# Standard Deviance and Outlier help

3 replies to this topic

### #1 kfreak

kfreak
• New Members
• Newbie
• 2 posts

Posted 13 October 2003 - 01:40 AM

Basically I\'m just trying to switch my current sql statement which finds averages to do the same, but omit outliers. Here\'s my first one:

`"SELECT a.*, AVG(b.rating) as rating FROM rand_thoughts a, ratings b WHERE b.rid=a.id GROUP BY b.rid ORDER BY rating DESC"`

Works fine, but say you have the set of votes (from 1-10)
7
7
7
8
6
1

The outlier would obviously be one, and it would throw the voting. So I remembered finding the IQR in math class (I was so shocked that I was using something I actually learned, I\'ll have to tell my math teacher) to calculate the outliers after you\'ve found the 25th and 75th quartiles. But the problem is with the sql statement, this is what I\'ve come up with.

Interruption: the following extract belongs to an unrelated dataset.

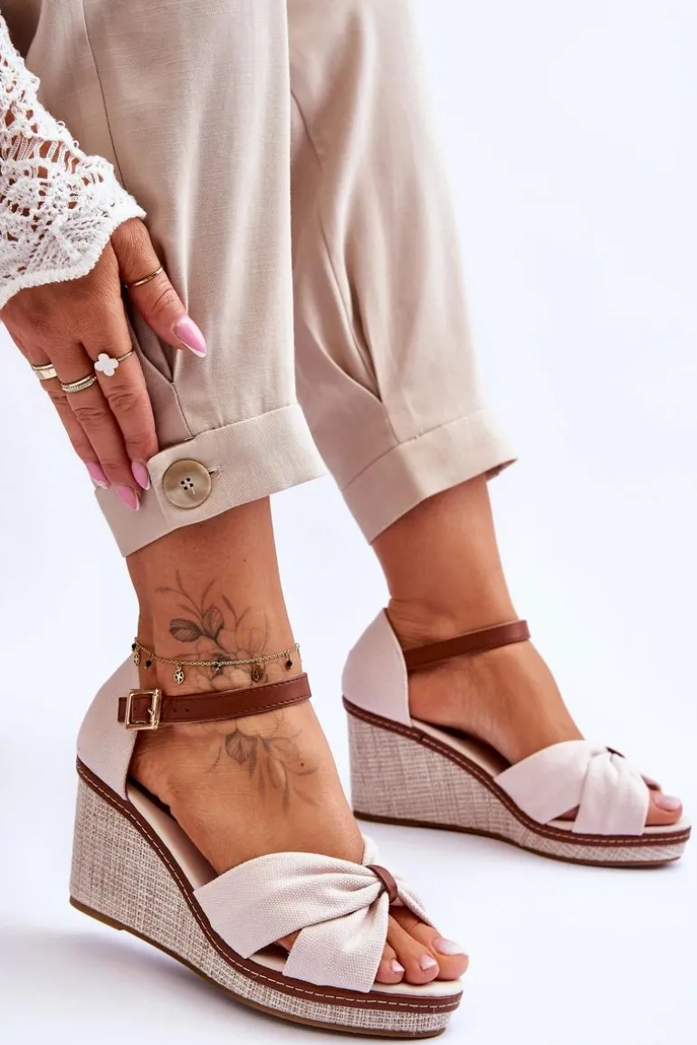 Wygodne sandały na modnym koturnie to klasyka wśród damskiego, letniego obuwia. Wkładka oraz wierzch wykonane zostały z tkaniny. Zapiętek został wzmocniony. Buty posiadają zapięcie na regulowany pasek ze sprzączką. Podeszwa w tych sandałkach jest wykonana z tworzywa i jest antypoślizgowa. Te sandały to idealny wybór do letnich stylizacji. Przy wyborze rozmiaru prosimy sugerować się tabelą rozmiarów.

`"SELECT a.id, b.rating FROM rand_thoughts a, ratings b WHERE b.rid=a.id && (b.rating > (AVG(b.rating)-STD(b.rating))) && (b.rating < (AVG(b.rating)+STD(b.rating) * .675)) GROUP BY b.rid"`

I\'m pretty sure the logic works, but my problem is it gives me an error. This is the error from mysql_error():

`Invalid use of group function`

I\'ve searched google and all the programming forums that I know of, that\'s part of how I initially came up with finding the standard deviance to check for outliers.

Anyway, any help or suggestions would be great.

Thanks.
~ www.devrand.com

### #2 Barand

Barand
• Moderators
• Sen . ( ile || sei )
• 18,017 posts

Posted 13 October 2003 - 06:47 PM

You cannot group by something you haven\'t selected.

Try ... GROUP BY a.id ...
If you are still using mysql_ functions, STOP! Use mysqli_ or PDO. The longer you leave it the more you will have to rewrite.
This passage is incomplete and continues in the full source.